Except in this case, Navajos seemed to have been singled out.”

“Exactly what I was thinking. I’d like to make a note of all the Navajos pictured in there. Any objections to my tagging it and taking it to our lab? We can make copies there of any interesting-looking photographs, then return them to you.”

“Go for it, but I’ll need it all back ASAP.”

Ella handed the album to Justine. “Give it top
priority. Go.”

Blalock’s face was grim. “When will you have the final paperwork on Bitah’s death?”

“I’m not sure, but I can call our M.E. and find out.”

He handed her his cellular.

Ella dialed, then waited. She spoke to Carolyn briefly, then handed the phone back to Blalock. “She has it ready now.”

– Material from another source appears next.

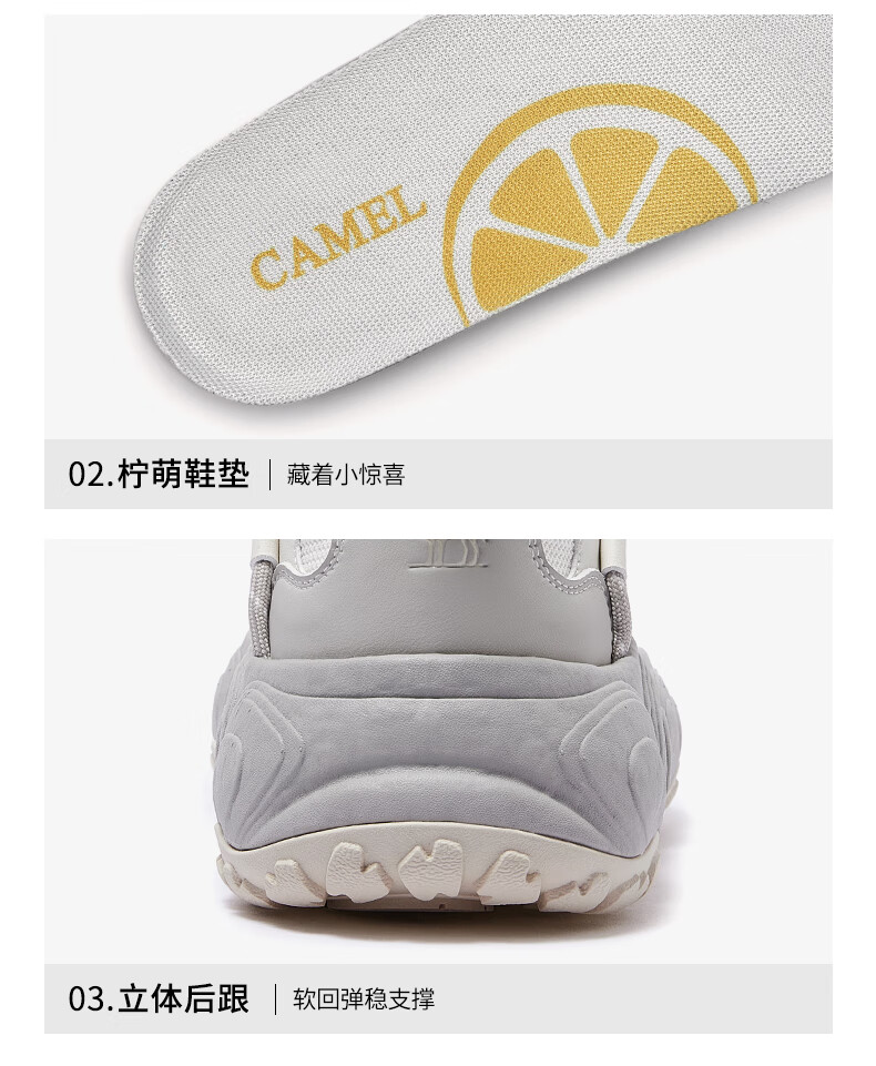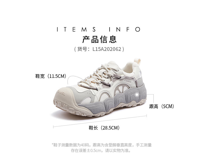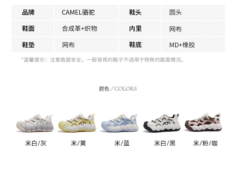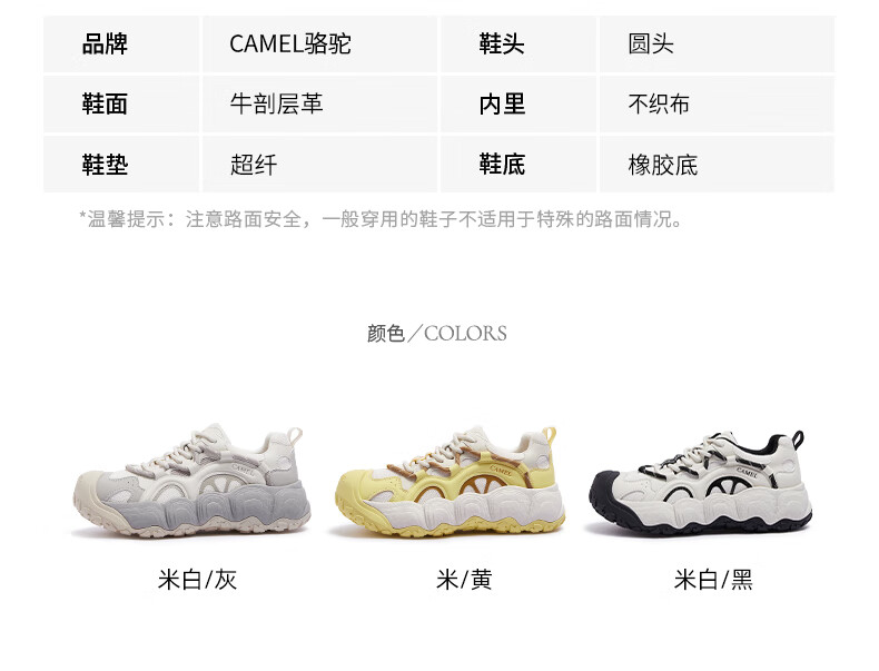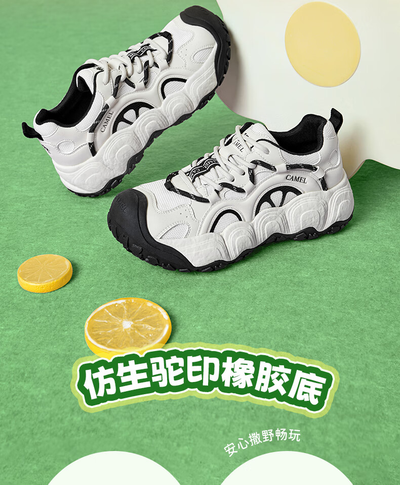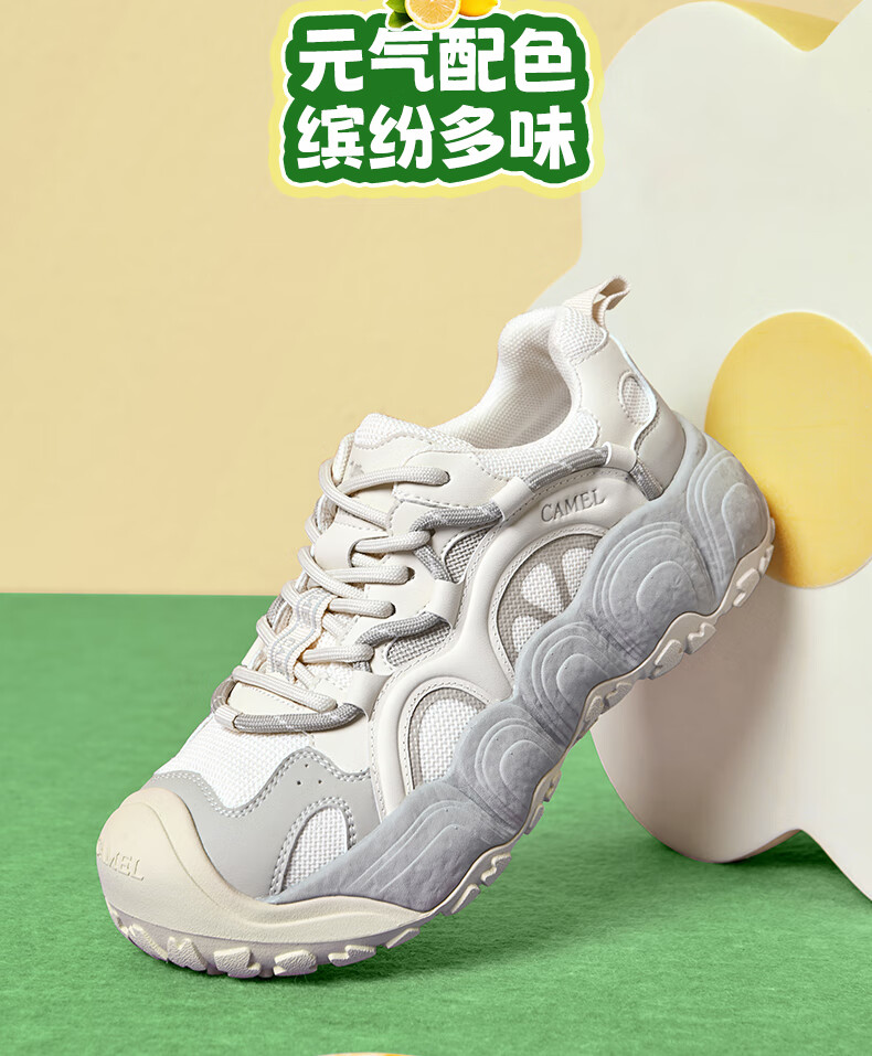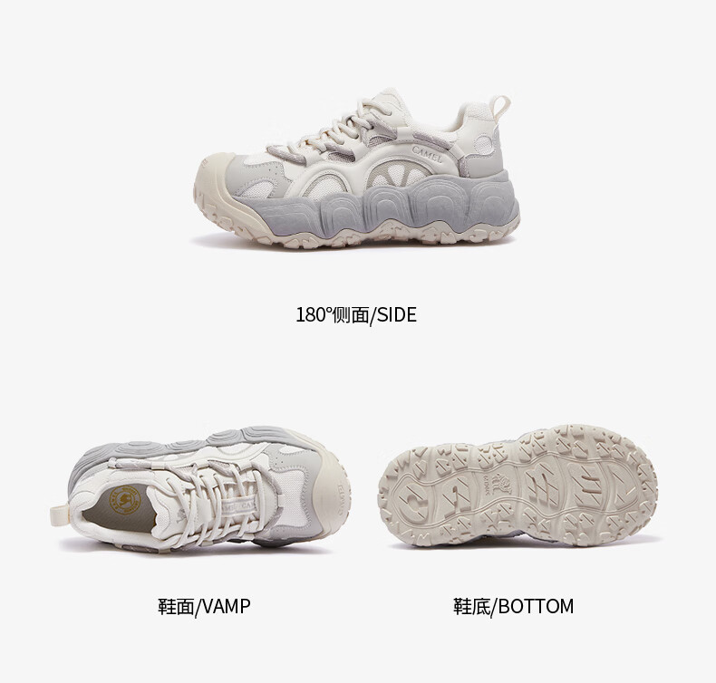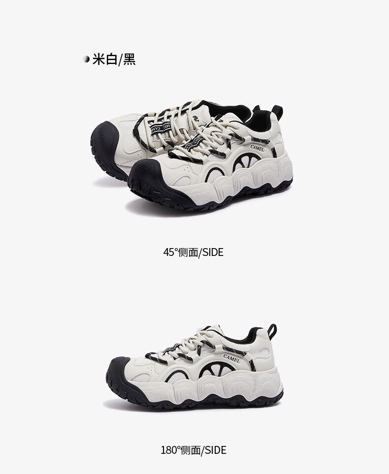 骆驼(CAMEL)【云山】网面户外徒步登山休闲丑萌鞋情侣 G15S076104 米白/黑 38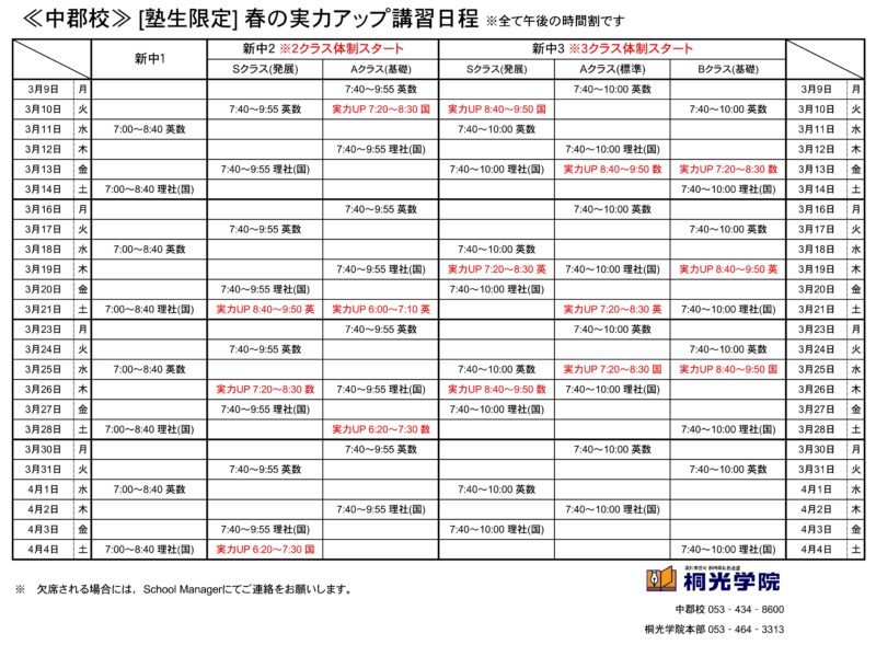 【重要】3月からの時間割 杉山|中郡校BLOG|桐光学院

“Have her fax me a copy as soon as possible. If we don’t clear this case right away, the Bureau
is going to send someone to
help
us. With all the press hate groups like this have been getting, it’s a very touchy subject in the Bureau. The higher-ups won’t want another front-page story. Get my drift?”

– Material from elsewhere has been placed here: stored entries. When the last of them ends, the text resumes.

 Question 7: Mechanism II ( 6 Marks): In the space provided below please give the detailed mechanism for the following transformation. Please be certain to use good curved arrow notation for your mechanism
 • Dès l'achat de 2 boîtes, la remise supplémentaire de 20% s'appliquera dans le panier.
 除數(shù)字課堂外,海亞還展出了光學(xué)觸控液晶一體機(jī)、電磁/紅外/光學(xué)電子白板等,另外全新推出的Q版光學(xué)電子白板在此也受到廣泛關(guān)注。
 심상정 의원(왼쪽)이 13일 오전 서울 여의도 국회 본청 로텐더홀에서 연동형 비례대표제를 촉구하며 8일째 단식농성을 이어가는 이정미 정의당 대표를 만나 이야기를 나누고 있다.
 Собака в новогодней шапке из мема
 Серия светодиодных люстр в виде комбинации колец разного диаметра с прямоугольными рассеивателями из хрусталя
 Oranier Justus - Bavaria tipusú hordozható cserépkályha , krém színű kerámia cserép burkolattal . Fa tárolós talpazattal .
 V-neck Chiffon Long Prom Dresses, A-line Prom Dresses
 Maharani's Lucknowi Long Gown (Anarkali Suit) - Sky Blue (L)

“Yeah, unfortunately.” She knew from experience that having two agencies involved in one case only made it murkier.

“I’ll see if the local narcotics teams or the DEA have anything on peyote
dealers that would help us out. The Yellowhair girl was getting her stuff from someone around here, I’ll wager. Maybe from one of the gangs, or else one of those churches that uses peyote in their rituals. You might check out whether she was a member,” Blalock suggested.

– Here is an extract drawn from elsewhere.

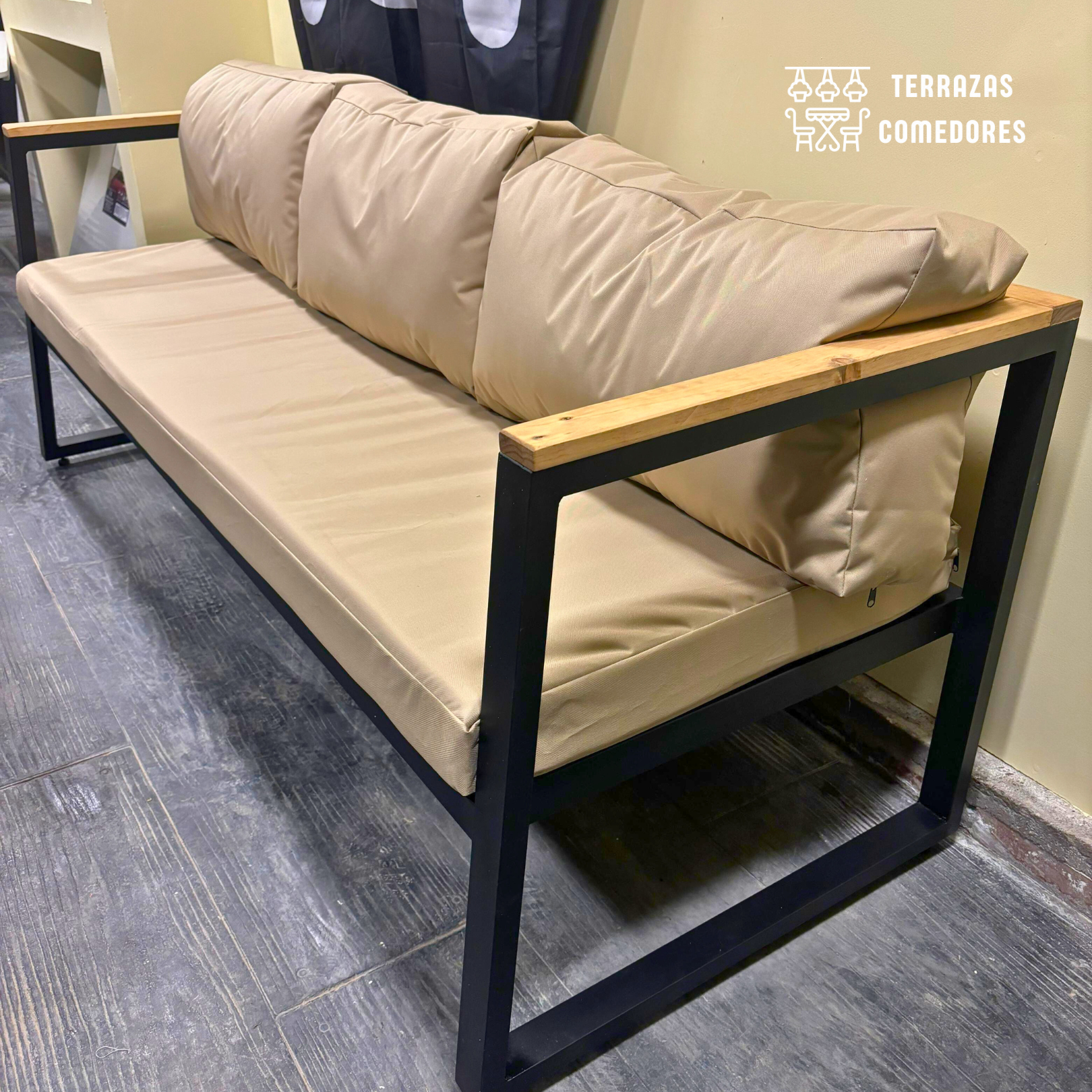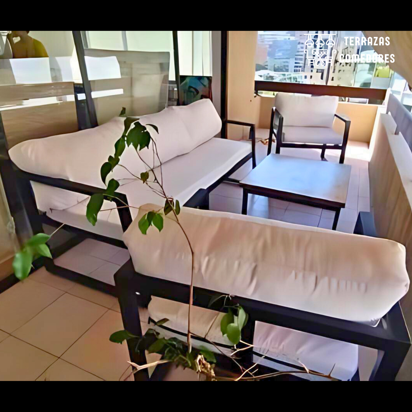 - Cojinería Impermeable: La terraza industrial Incluye cojines de base hechos con espuma D21 de 10 Cms de espesor. Los cojines del respaldo están rellenos con algodón Hipoalergénico, cubiertos en una doble capa que los protege de la humedad. Las fundas son impermeables, y cuentan con cierre, ideal para mantenciones simples.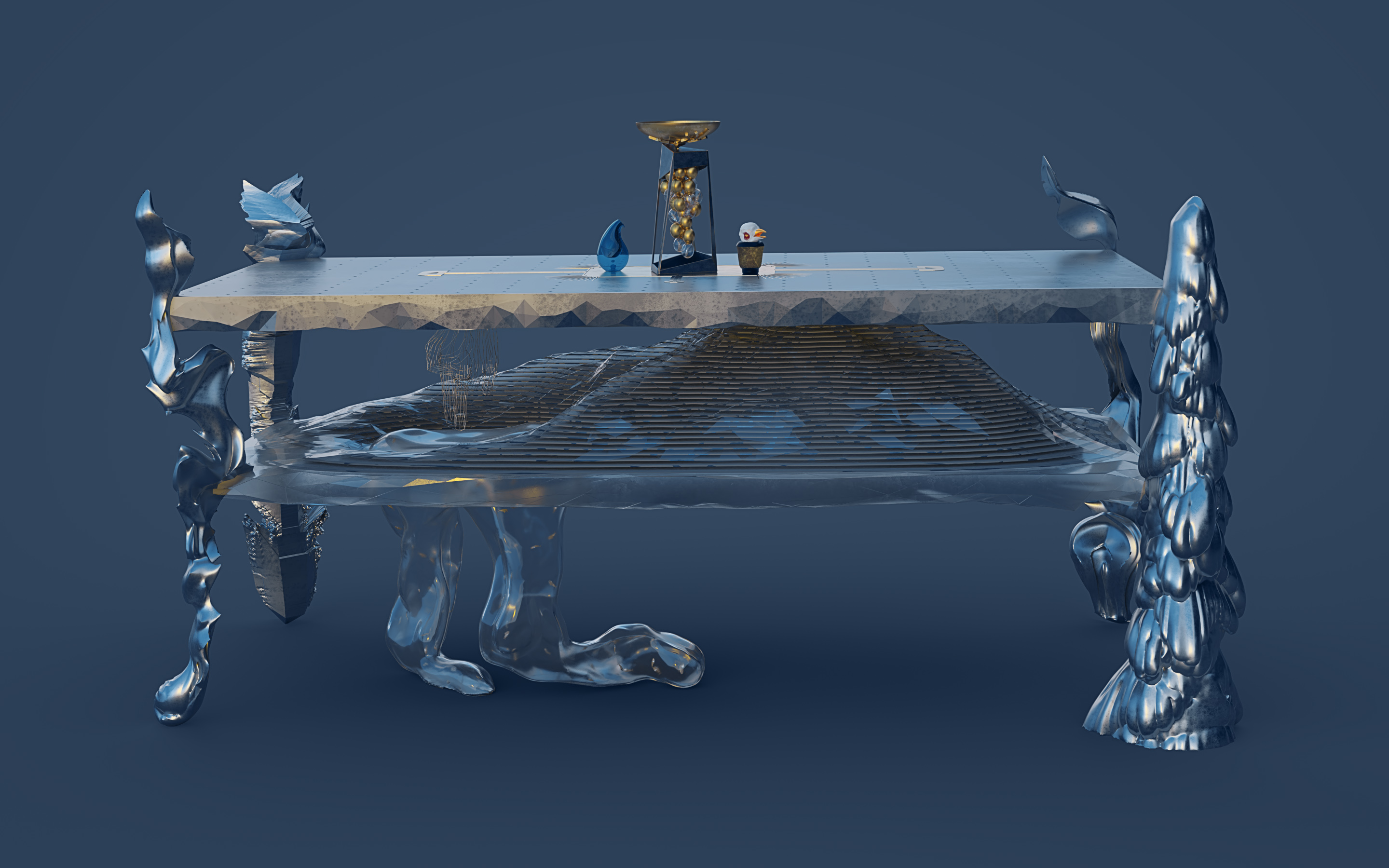 D'abord 4 images de la table, 1 image d'un éclaté de la table pour mieux voir les différentes parties, puis 4 images des pieds de table . Air , eau, feu, terre.

Ella gave him a steely look. “Already on it.”

*   *   *

Ella drove back to the reservation, her mind filled with speculation.
If only she could rid herself of the certainty that the worst was yet to come. As the sun slipped below the horizon, she could feel the power of the night. It was as if something was holding its breath out there, the darkness resonating with a pulse of its own.

Ella raced along the nearly deserted highway, taking comfort from traveling at high speed. It forced her to concentrate on the road and
helped her forget her troubles. Funny how danger could soothe her at times.

By the time she reached the hospital, she felt focused and ready to work the case again. As usual, the elevator going down to the basement was infernally slow, making Ella wish she hadn’t taken the lazy route and had opted for the stairs instead. Waiting was always the hard part for her.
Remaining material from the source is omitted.